:: Data listing ::

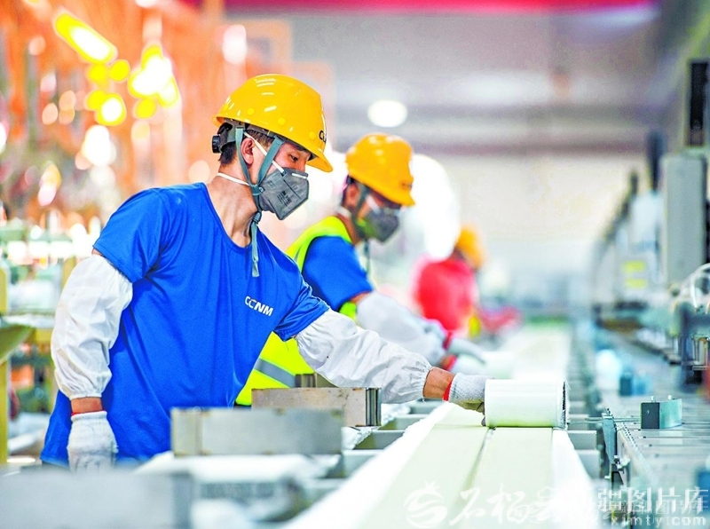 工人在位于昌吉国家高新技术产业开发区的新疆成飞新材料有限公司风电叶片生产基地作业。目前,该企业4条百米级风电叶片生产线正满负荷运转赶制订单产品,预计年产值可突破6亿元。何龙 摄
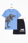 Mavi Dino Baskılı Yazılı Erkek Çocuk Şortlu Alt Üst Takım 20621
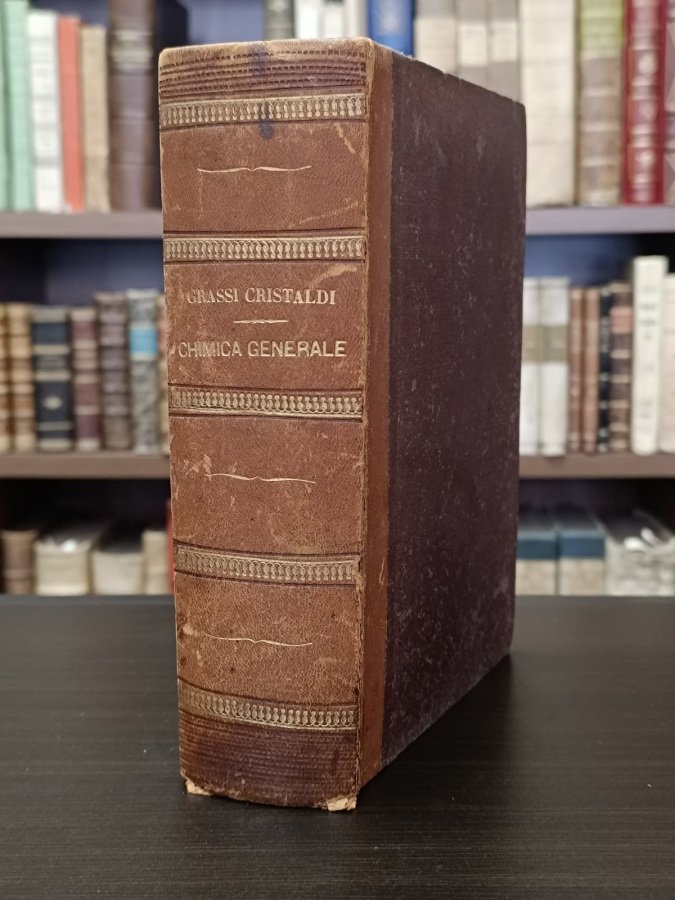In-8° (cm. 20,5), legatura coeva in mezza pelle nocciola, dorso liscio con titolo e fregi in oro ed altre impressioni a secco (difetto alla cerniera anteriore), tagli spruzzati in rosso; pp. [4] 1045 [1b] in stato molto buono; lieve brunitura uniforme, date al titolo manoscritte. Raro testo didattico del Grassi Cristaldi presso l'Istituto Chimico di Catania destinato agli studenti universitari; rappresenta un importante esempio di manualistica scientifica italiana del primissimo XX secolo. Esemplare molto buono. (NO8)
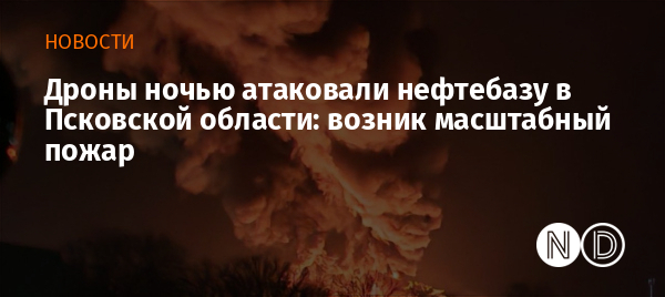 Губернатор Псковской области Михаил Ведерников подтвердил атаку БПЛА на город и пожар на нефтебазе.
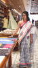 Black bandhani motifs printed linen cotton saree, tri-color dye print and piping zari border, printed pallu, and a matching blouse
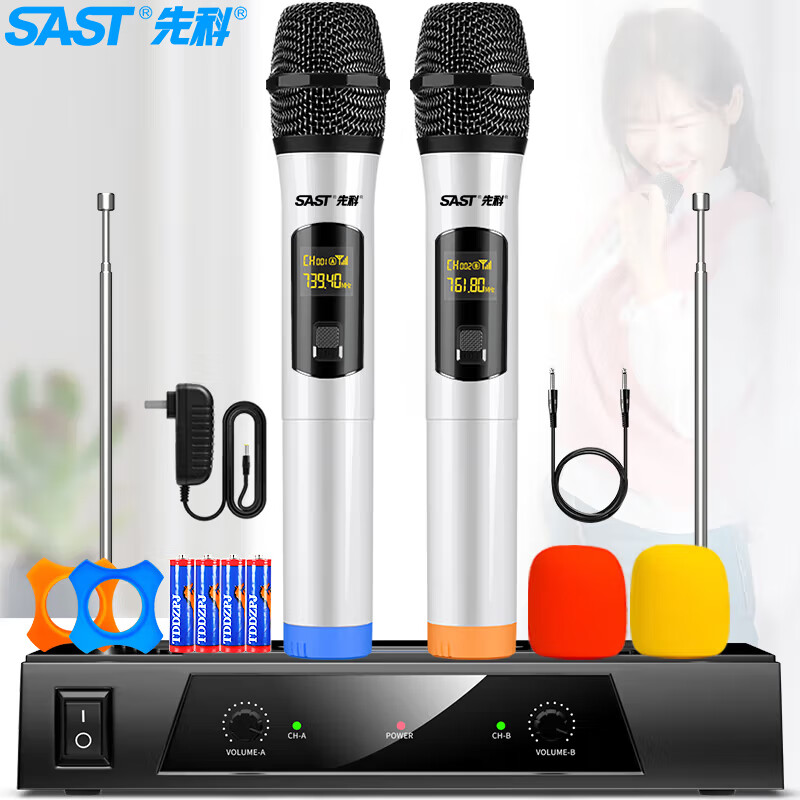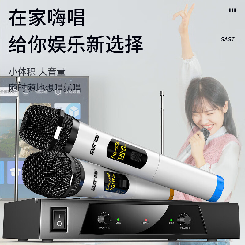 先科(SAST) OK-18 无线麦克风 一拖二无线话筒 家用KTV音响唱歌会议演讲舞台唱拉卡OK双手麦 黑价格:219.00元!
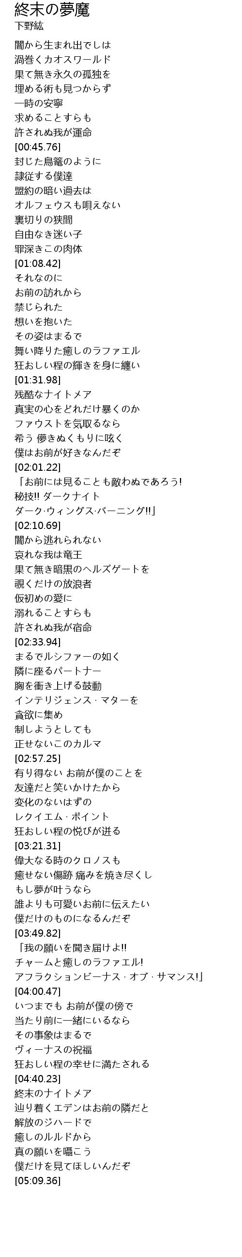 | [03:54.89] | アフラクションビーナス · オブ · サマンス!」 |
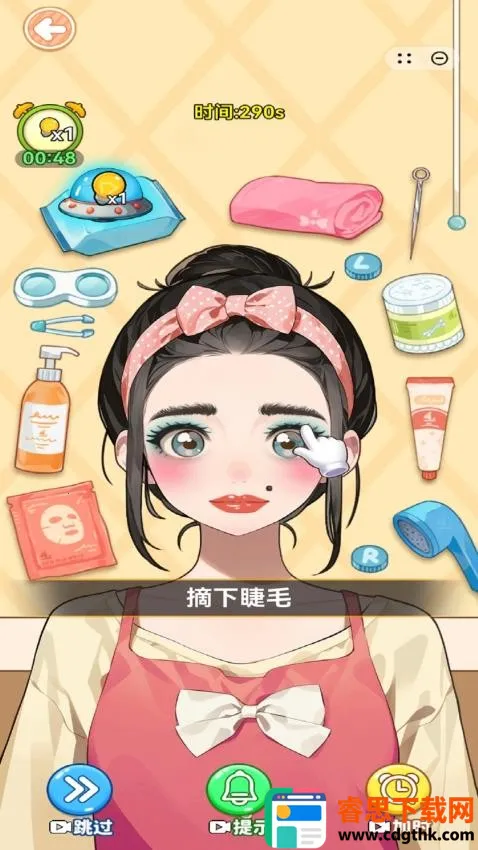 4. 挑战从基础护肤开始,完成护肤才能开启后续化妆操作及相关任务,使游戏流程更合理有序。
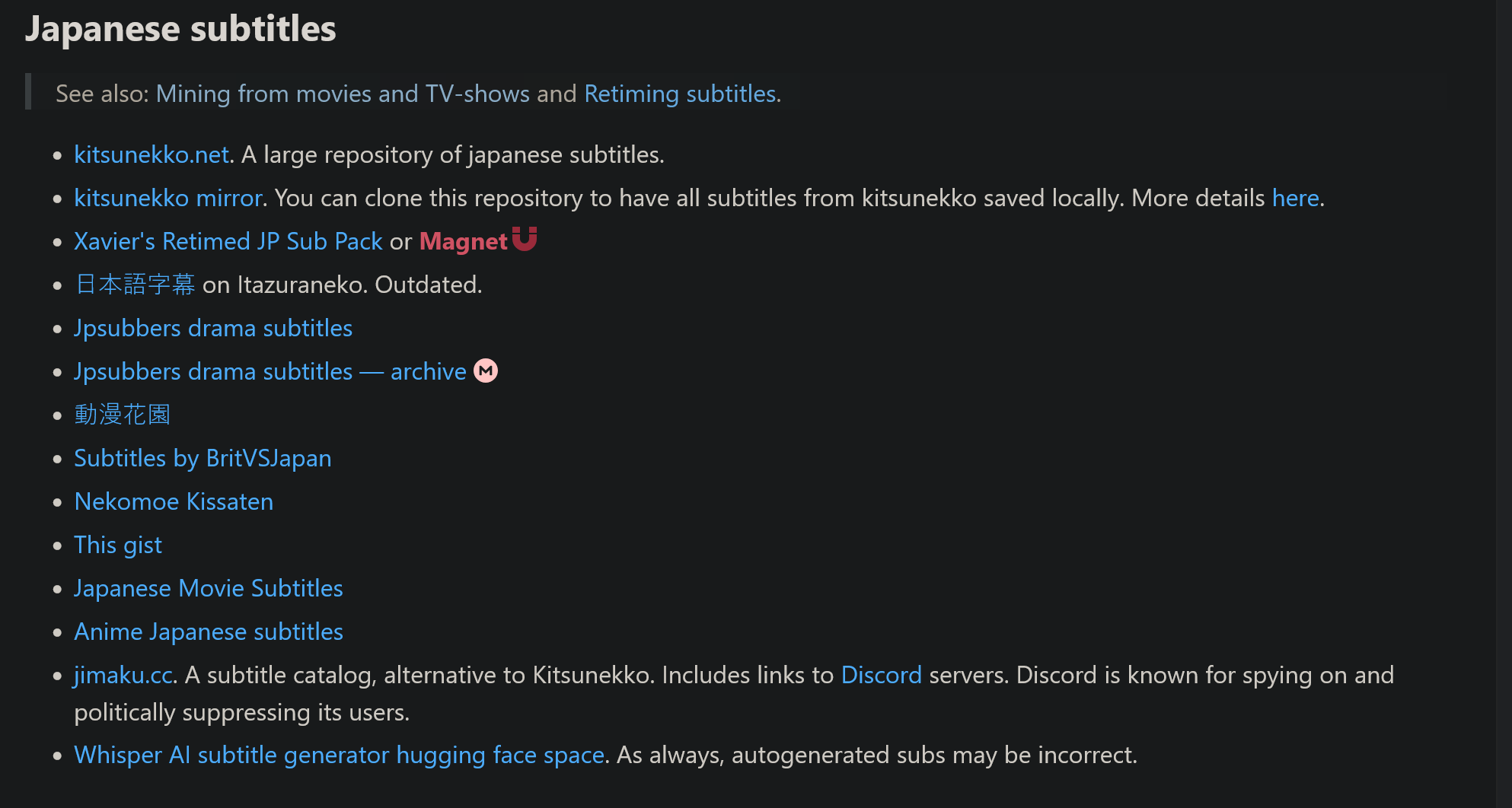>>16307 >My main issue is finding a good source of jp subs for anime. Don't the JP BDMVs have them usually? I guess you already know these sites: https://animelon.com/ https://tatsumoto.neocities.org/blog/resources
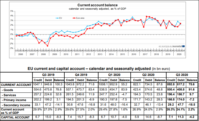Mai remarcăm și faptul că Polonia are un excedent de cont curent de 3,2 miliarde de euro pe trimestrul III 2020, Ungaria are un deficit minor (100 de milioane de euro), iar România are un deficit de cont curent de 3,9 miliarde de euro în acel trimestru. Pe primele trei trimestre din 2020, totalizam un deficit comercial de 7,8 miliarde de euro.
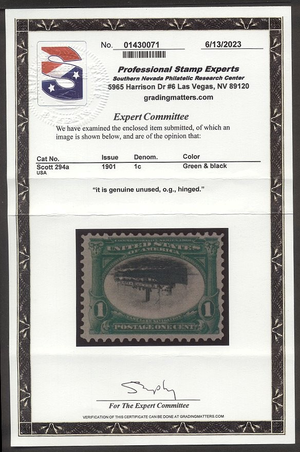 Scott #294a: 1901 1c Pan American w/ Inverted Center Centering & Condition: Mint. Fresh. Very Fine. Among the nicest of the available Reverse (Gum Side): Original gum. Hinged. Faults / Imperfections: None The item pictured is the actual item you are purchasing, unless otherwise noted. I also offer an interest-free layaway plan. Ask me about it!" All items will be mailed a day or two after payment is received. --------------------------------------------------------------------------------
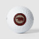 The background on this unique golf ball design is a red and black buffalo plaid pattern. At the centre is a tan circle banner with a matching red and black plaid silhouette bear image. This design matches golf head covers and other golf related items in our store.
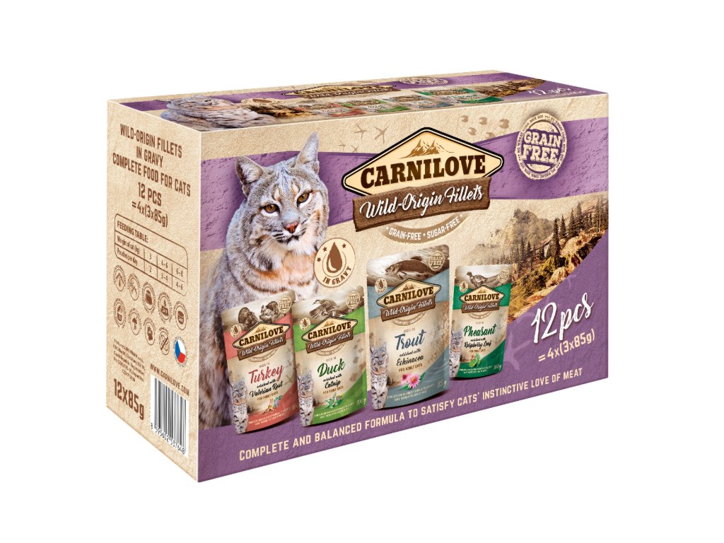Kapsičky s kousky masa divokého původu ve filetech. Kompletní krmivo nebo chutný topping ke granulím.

:::

Begin at the line containing "オブ · サマンス!」 |" and write out every line to the end of the data exactly. Skip the pictures.

Your response:
 | [03:54.89] | アフラクションビーナス · オブ · サマンス!」 |
 4. 挑战从基础护肤开始,完成护肤才能开启后续化妆操作及相关任务,使游戏流程更合理有序。
>>16307 >My main issue is finding a good source of jp subs for anime. Don't the JP BDMVs have them usually? I guess you already know these sites: https://animelon.com/ https://tatsumoto.neocities.org/blog/resources
Mai remarcăm și faptul că Polonia are un excedent de cont curent de 3,2 miliarde de euro pe trimestrul III 2020, Ungaria are un deficit minor (100 de milioane de euro), iar România are un deficit de cont curent de 3,9 miliarde de euro în acel trimestru. Pe primele trei trimestre din 2020, totalizam un deficit comercial de 7,8 miliarde de euro.
 Scott #294a: 1901 1c Pan American w/ Inverted Center Centering & Condition: Mint. Fresh. Very Fine. Among the nicest of the available Reverse (Gum Side): Original gum. Hinged. Faults / Imperfections: None The item pictured is the actual item you are purchasing, unless otherwise noted. I also offer an interest-free layaway plan. Ask me about it!" All items will be mailed a day or two after payment is received. --------------------------------------------------------------------------------
 The background on this unique golf ball design is a red and black buffalo plaid pattern. At the centre is a tan circle banner with a matching red and black plaid silhouette bear image. This design matches golf head covers and other golf related items in our store.
Kapsičky s kousky masa divokého původu ve filetech. Kompletní krmivo nebo chutný topping ke granulím.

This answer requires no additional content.